The breathing of healthy people during typical daily activities (rest, work, light and moderate exercise, sleeping, etc.) is mainly regulated by the pre-set (or their usual) chemical CO2 concentrations (CO2 breath control).
For example, when a healthy person takes several deep and fast breaths, CO2 in the lungs and blood falls.
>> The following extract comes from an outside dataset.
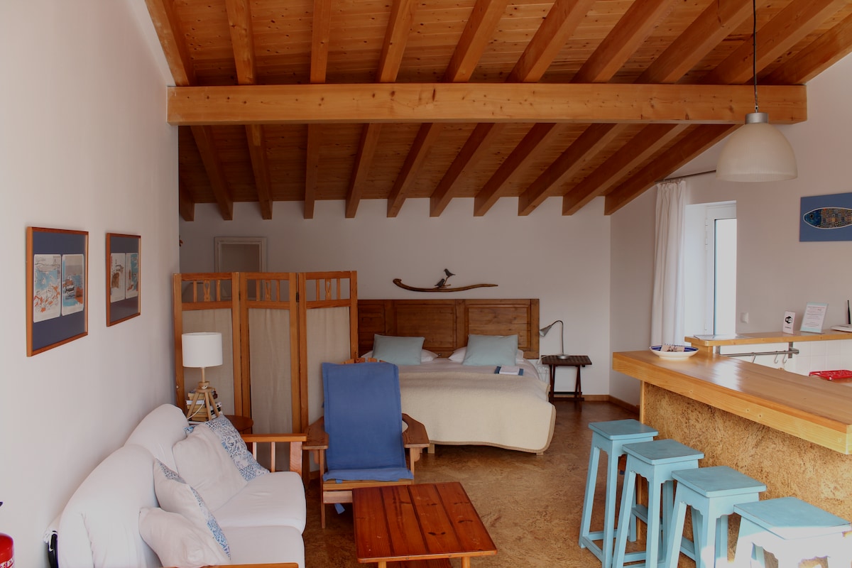 Very nice studio with mezzanine in the traditional village of Carrapateira, 20 meteres away from the church. It has spectacular views to the ocean, the beach of Bordeira and the dunes. It sleeps up to 4 people, even though it is ideal for 2. The studio disposes of Wifi, Smart TV, a complete kitchen with oven, etc., everything you need to spend some marvellous holidays in this beautiful and quiet place. We have 2 other apartments in the same house, each with its own entry.
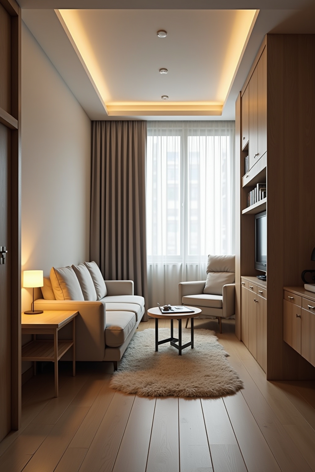 Ein durchdachtes Lichtkonzept ist für Kleinstwohnungen besonders wichtig. Kombinieren Sie verschiedene Lichtquellen statt einer zentralen Deckenleuchte. Indirekte Beleuchtung durch Wandlampen oder LED-Streifen hinter Möbeln schafft Tiefe und vergrößert das Studio optisch. Für jede Wohnzone sollten Sie spezifische Lichtquellen einplanen: ein Leselicht am Sofa, Arbeitsbeleuchtung am Schreibtisch und stimmungsvolle Akzentbeleuchtung im Essbereich. Dimmbare Lampen ermöglichen flexible Lichtstimmungen. In Mini-Apartments sind Stehlampen mit schmalem Fuß platzsparende Alternativen zu Tischleuchten. Reflektierende Oberflächen wie Spiegel verstärken die Lichtwirkung zusätzlich. Achten Sie auf warmweißes Licht für Wohnbereiche und kühleres Licht für den Arbeitsplatz. Smarte Beleuchtungssysteme erlauben zudem die Anpassung an unterschiedliche Tageszeiten und Aktivitäten.

The breathing centre detects this drop and stops or reduces stimulation and work of the respiratory muscles. The person naturally holds their breath until the CO2 level reaches the initially pre-set value. Conversely, breath holding accumulates more carbon dioxide. The breathing centre senses this increase and intensifies breathing. This overbreathing is going to continue until extra CO2 is removed and the pre-set value is reached again.
We breathe more heavily during physical exercise, when our bodies produce more carbon dioxide. However, the rate of CO2 production matches the rate of CO2 removal in such a fashion that CO2 and O2 values in the arterial blood changes during exercise only slightly.